[MPICH] MPICH2 startup w/ PBS
Adam Hock
ahock at ittc.ku.edu
Tue Apr 4 11:49:32 CDT 2006
I have spent some time developing the following scripts. They are not
perfect but they do get the job done. I use them a prologue and epilogue
scripts.

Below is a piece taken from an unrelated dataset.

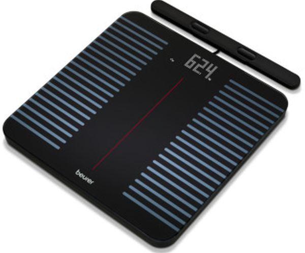 mit ausziehbarem Handteil zur detaillierten Ganzkörperanalyse inkl. Überkreuzmessung mit 8 Elektroden zur genauen Kontrolle der verschiedenen Körperzonen, Vernetzung zwischen Smartphone und Waage: dank WIFI- und Bluetooth®-Synchronisation werden deine Messwerte automatisch in die App „beurer HealthManager Pro“ übertragen, in der sie übersichtlich dargestellt und eingeordnet werden - ideal zur Analyse von Fortschritten, Training oder Ernährung, Trittfläche aus Sicherheitsglas mit ITO-Oberflächenveredelung, Dot-Matrix-Look, Magic LED Display (erscheint nur bei der Messung), Ziffernhöhe 28 mm, kann mittels Überkreuzmessung zuverlässig und präzise insgesamt 25 Körperdaten ermitteln: BMI,Gesamte Muskelmasse (inkl. Organmuskeln), Herzfrequenz, Kalorienanzeige (AMR), Kalorienanzeige (BMR), Knochenmasse, Körperfett, Körperwasser, Lean Body Mass, Metabolisches Alter, Muskelanteil, Protein, Soft Lean Mass, Viszeralfett), Einteilung: 100 g/0,1%, 8 Benutzerspeicher mit automatischer Benutzererkennung, Ein- und Abschaltautomatik, 5 Jahre Garantie

These scripts need to be put in /var/spool/PBS/mom_priv on each
node and have the premission of 755
Here are a list of variables you will need to change to make it work on
your system.
$mpich = "/bio/tools/mpich/mpich2-1.0.2-PGI-6.0/bin";
$HOME = "/bio/users";
$log = "/bio/tools/admin/report/log/epilogue.$date";
The log is for getting info about jobs and is not needed.

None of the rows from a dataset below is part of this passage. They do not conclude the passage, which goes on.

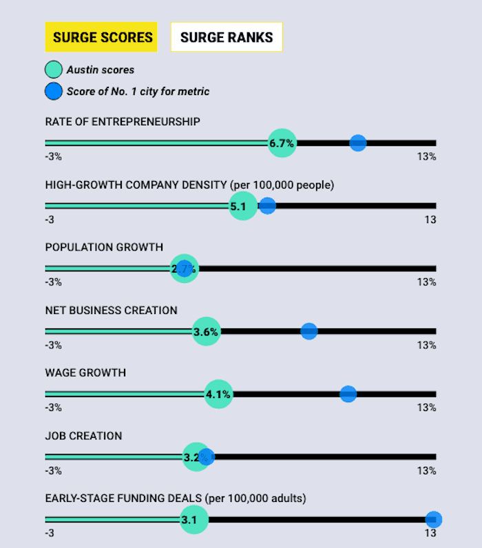 Here’s how the Surge Cities Index from Inc. ranks Austin:
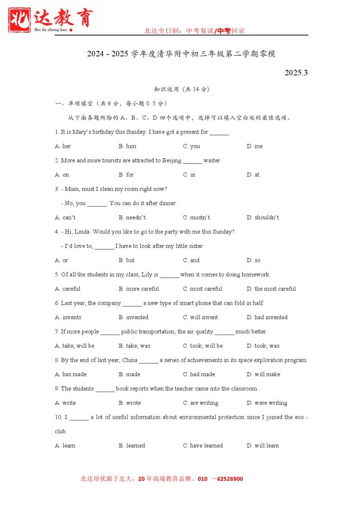 admw360教研组收集整理了北京清华附中2025初三零模英语试题及答案,分享给大家,快来下载复习吧。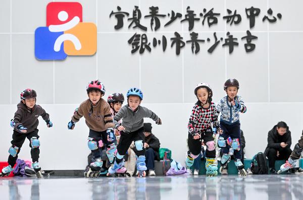 “尽量踏到头部拿三分,腿法快准狠,不要犹豫。”银川市青少年宫金凤宫,跆拳道老师指导学生训练。隔壁教室,武术、轮滑等少儿课程和普拉提、尊巴等青年夜校课程同步进行。时值寒冬,人们用运动抗寒,在趣味学习中解锁新技能。

Feel free to contact me if you have any questions.
Here is the prologue
## prologue script
## for PBSpro to play nice and work with mpich2 daemon system
## Adam Hock - University of Kansas
## 02-07-2006
## Version 1.6
# This script is ran as root and needs to have permissions of 644
# It also needs to be called prologue
# Put this file in ~PBS_INSTALL/mom_priv of all nodes
# The 10 arguments pbs passed in.
$arg1 = shift; # the job id
$arg2 = shift; # the user name under which the job executes
$arg3 = shift; # the group name under whch the job executes
$arg4 = shift; # the job name / not given in prologue
$arg5 = shift; # the session id / not given in prologue
$arg6 = shift; # the requested resource limits (list) / not given in
$arg7 = shift; # the list of resources used / not given in prologue
$arg8 = shift; # the name of the queue in which the ob resides / not
given in prologue
$arg9 = shift; # the account string, if one exits / not given in prologue
$arg10 = shift; # the exit status of the job.
#set to pbs_pro or torque
#pbs_pro = 1
#torque = 0
$mode = 1;
#set divider
$set = 0;
$divide = 0;
#path variables
$mpich = "/bio/tools/mpich/mpich2-1.0.2-PGI-6.0/bin";
$pbs = "/usr/pbs/bin";
$qstat_cm = "qstat -n -1 -u";
#files to make this all work nice and neat
$output = "> /tmp/qstat.$arg1";
$input = "/tmp/qstat.$arg1";
$node_list = "> /tmp/node_list.$arg1";
$list = "/tmp/node_list.$arg1";
$session_list = ">>/tmp/$arg2.session_list";
# $temp_debug =">/tmp/debug";
# open(debug,$temp_debug);
#needed commands
# have to use sudo so that the command is run as the user and not root
$mpdboot = "/usr/bin/sudo -u $arg2 $mpich/mpdboot --remcons";
#Enviroment variable that needs to be set, so that mpdboot can find
# in the users home directory
$HOME = "/bio/users";
#get a queue status, this way we can grab the nodes the queue is going
to use
# write them out to a tmp file
system "$pbs/$qstat_cm $arg2 $output";
#get the job id, so we start daemons for this job only.
@id = split(/\./,$arg1);
#get the list of nodes after you find the right job
if ( $mode == 1) {
foreach $line (@qstat) {
$line =~ m/(\d+)\./;
if ("$1" eq "$id[0]") {
@nodes = split(/\+/,$line);
$size = @nodes;
#get first node don't need it for node list
@first = split(/ /,$nodes[0]);
$size_first = @first;
#checking for multiples of same node.
foreach $elem (@nodes) {
if("$first[$size_first-1]" eq "$elem") {
#$size=$size/2; # need to add divider because diff node types
$divide = $divide + 1;
} }
if ( $mode == 0) {
$c = 0;
foreach $line (@qstat) {
$line =~ m/(\d+)\./;
if ("$1" eq "$id[0]") {
if ( $line =~ /compute\-\d+\-\d+/ ) {
@temp_nodes = split(/\+/,$line);
$temp_size = @temp_nodes;
for ($i=0;$i<$temp_size;$i++) {
if( $temp_nodes[$i] =~ /compute\-\d+\-\d+/) {
if($i == $temp_size-1) {
$nodes[$c] = $temp_nodes[$i];
$c = $c + 1;
} #end for ( $temp_nodes[$i] =~ /compute\-\d+\-\d+/)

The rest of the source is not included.